TASK DIRECTIONS:
Omit the pictures and reproduce the rest of the listing exactly.

DATA SECTION:
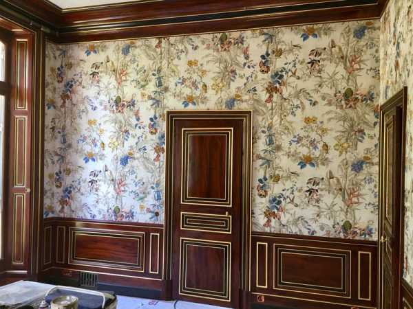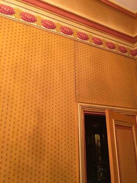 Раньше на стенах был шелк, а дерево окрашено в бежево-розовые тона. Здание историческое, почти музей. Просто так ничего сделать нельзя. Что бы провести работы, наш заказчик получал разрешение от местных властей на ремонт.
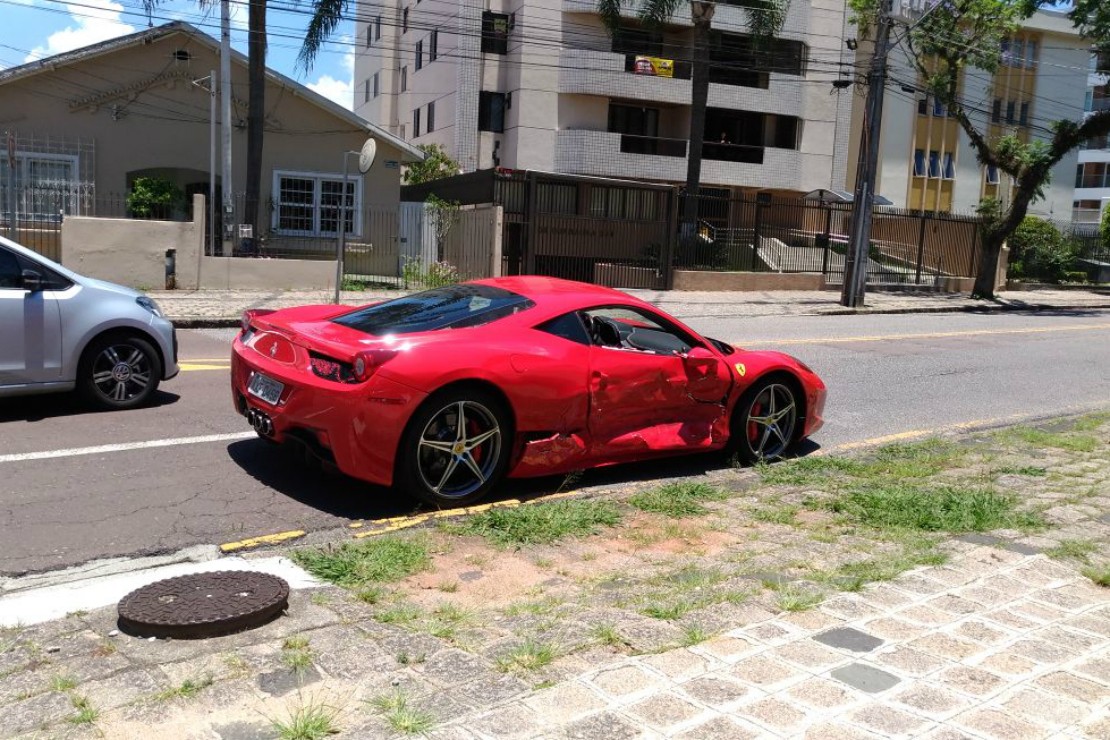 Um acidente envolvendo uma Ferrari e um Jetta chamou a atenção de quem passava pela Rua Augusto Stresser, no cruzamento com a Rua Barão de Guaraúna, no bairro Alto da Glória, em Curitiba, neste domingo (10). De acordo com moradores, ambos os motoristas negaram ter provocado a colisão.
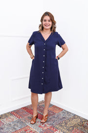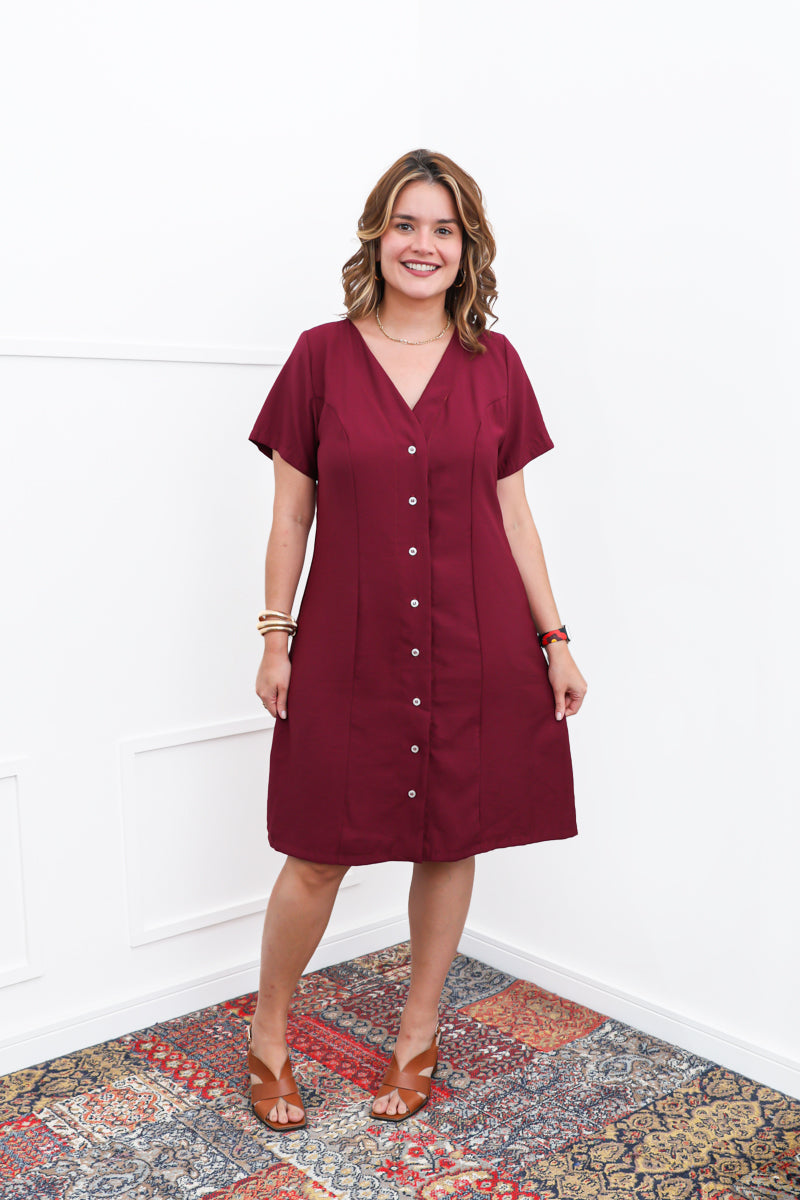 A gola em V alonga a silhueta e valoriza o colo, enquanto os botões frontais funcionais trazem um toque clássico e moderno ao mesmo tempo. As mangas curtas oferecem mais cobertura com leveza, mantendo o frescor da peça.
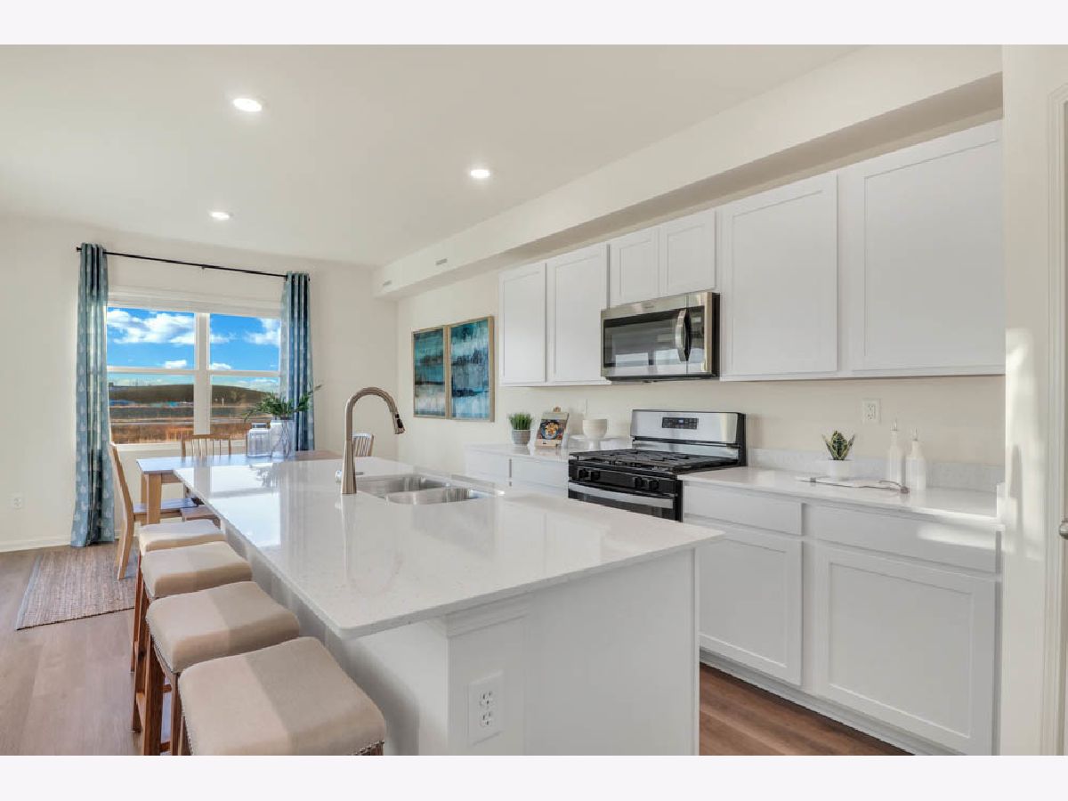Introducing the Bradley plan, one of our single-family plans at Cedar Creek in Joliet, IL. This home at 513 Adirondack Court is situated on a spacious home site, providing plenty of room for outdoor enjoyment just in time for an April move-in. Step inside this 1,663 square foot home with 3 bedrooms, 2.5 baths, a 2-car garage and smart home technology. Entering the foyer, you will first pass the powder room and then walk into the main level living space. The living area is open concept, with your bump out dining area, a living room, and kitchen blend together seamlessly. The kitchen shows off beautiful cabinetry, a pantry, and an island with ample seating space that looks out to the living room. This layout is great for entertaining family and friends. Upstairs, you'll find a loft which is perfect as a home office or study space! Your primary bedroom features a deluxe bath with ample storage in the walk-in closet, and a dual sink vanity. 2 additional bedrooms with closets, a second bath, linen closet, and a convenient upstairs laundry room complete the rest of the second floor. All D.R. Horton Chicago homes include our America's Smart Home Technology, featuring a smart video doorbell, smart Honeywell thermostat, smart door lock, Deako smart light switches and more. Photos are of similar home and model home. Actual home built may vary.

ANSWER SECTION:
 Раньше на стенах был шелк, а дерево окрашено в бежево-розовые тона. Здание историческое, почти музей. Просто так ничего сделать нельзя. Что бы провести работы, наш заказчик получал разрешение от местных властей на ремонт.
 Um acidente envolvendo uma Ferrari e um Jetta chamou a atenção de quem passava pela Rua Augusto Stresser, no cruzamento com a Rua Barão de Guaraúna, no bairro Alto da Glória, em Curitiba, neste domingo (10). De acordo com moradores, ambos os motoristas negaram ter provocado a colisão.
 A gola em V alonga a silhueta e valoriza o colo, enquanto os botões frontais funcionais trazem um toque clássico e moderno ao mesmo tempo. As mangas curtas oferecem mais cobertura com leveza, mantendo o frescor da peça.
Introducing the Bradley plan, one of our single-family plans at Cedar Creek in Joliet, IL. This home at 513 Adirondack Court is situated on a spacious home site, providing plenty of room for outdoor enjoyment just in time for an April move-in. Step inside this 1,663 square foot home with 3 bedrooms, 2.5 baths, a 2-car garage and smart home technology. Entering the foyer, you will first pass the powder room and then walk into the main level living space. The living area is open concept, with your bump out dining area, a living room, and kitchen blend together seamlessly. The kitchen shows off beautiful cabinetry, a pantry, and an island with ample seating space that looks out to the living room. This layout is great for entertaining family and friends. Upstairs, you'll find a loft which is perfect as a home office or study space! Your primary bedroom features a deluxe bath with ample storage in the walk-in closet, and a dual sink vanity. 2 additional bedrooms with closets, a second bath, linen closet, and a convenient upstairs laundry room complete the rest of the second floor. All D.R. Horton Chicago homes include our America's Smart Home Technology, featuring a smart video doorbell, smart Honeywell thermostat, smart door lock, Deako smart light switches and more. Photos are of similar home and model home. Actual home built may vary.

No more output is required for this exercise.